2.- Hacerle frente: «Lo que nosotros hacemos en primer lugar es aprender diferentes técnicas de relajación que nos puedan ayudar a tolerar mejor el hecho de exponernos a esta situación, que al final desaparecerá porque el propio día a día normalizará la situación. La clave está en la exposición, es decir, salir a la calle, relacionarse con gente… y hacerlo de forma gradual, teniendo el control del tiempo de exposición, del espacio… Luego trabajamos y desgranamos los pensamientos negativos que generan este tipo de miedo y se valora el riesgo real que existe de contagiarte y de padecer las consecuencias por haberte contagiado.
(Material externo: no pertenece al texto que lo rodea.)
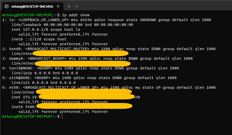 Ref. https://bono915.tistory.com/entry/Linux-%EB%A6%AC%EB%88%85%EC%8A%A4-IP-%ED%99%95%EC%9D%B8-%EB%B0%A9%EB%B2%95
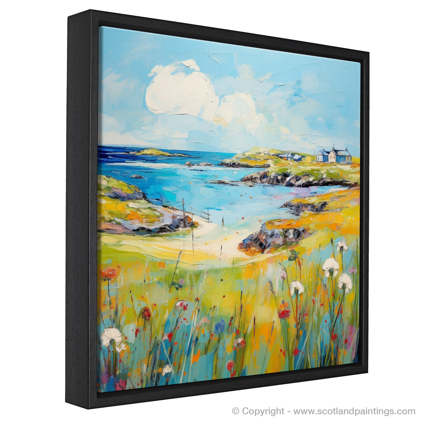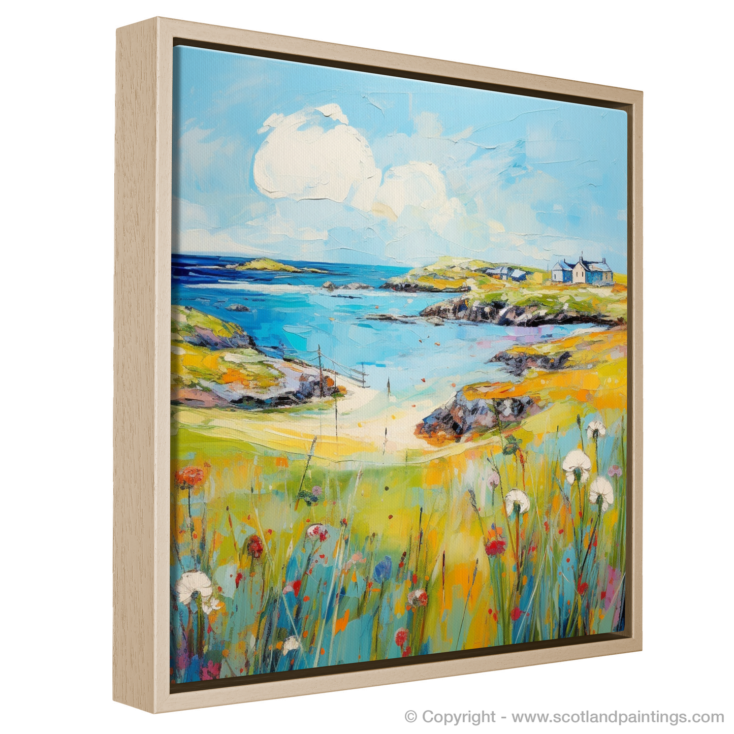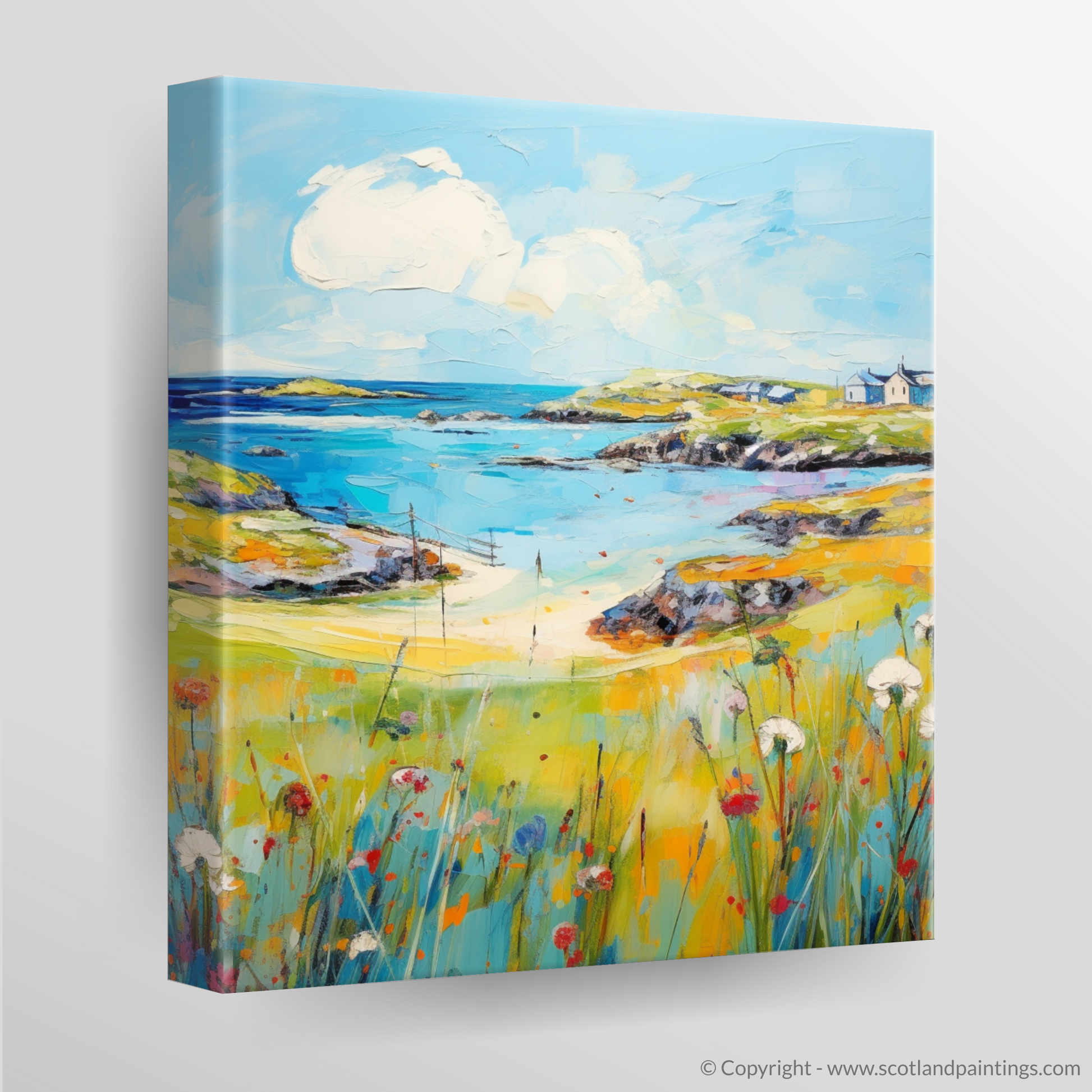 Capturing the ethereal beauty of the Isle of Lewis in the Outer Hebrides, this enchanting print brings the vibrancy of a summer in Scotland to your living space. Exquisite hues of azure and cobalt mirror the clear skies and tranquil waters, creating a serene coastal scene that is both uplifting and calming.
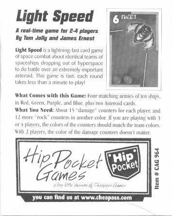 'Light Speed is a lightning-fast card game of space combat about identical teams of spaceships dropping out of hyperspace to do battle over an extremely important asteroid. Each spaceship is equipped with 1 to 4 lasers, and the lasers have 3 different "strengths"

Y, por último, hay que reforzar todos los aspectos positivos que tiene el hecho de que se quiten las mascarillas: volver a vernos, a relacionarnos…», agrega Martínez.

3.- Ayudar a otros: «El consejo sería la exposición de forma gradual y controlada, exponiéndolos a situaciones que no sean amenazantes para ellos, que no sean muy hostiles, que puedan estar con cierta seguridad, haciéndolo poco a poco y en espacios en los que ellos sientan que tienen el control, y con muy pocas personas hasta que vayamos normalizando la situación», aconsejan las expertas.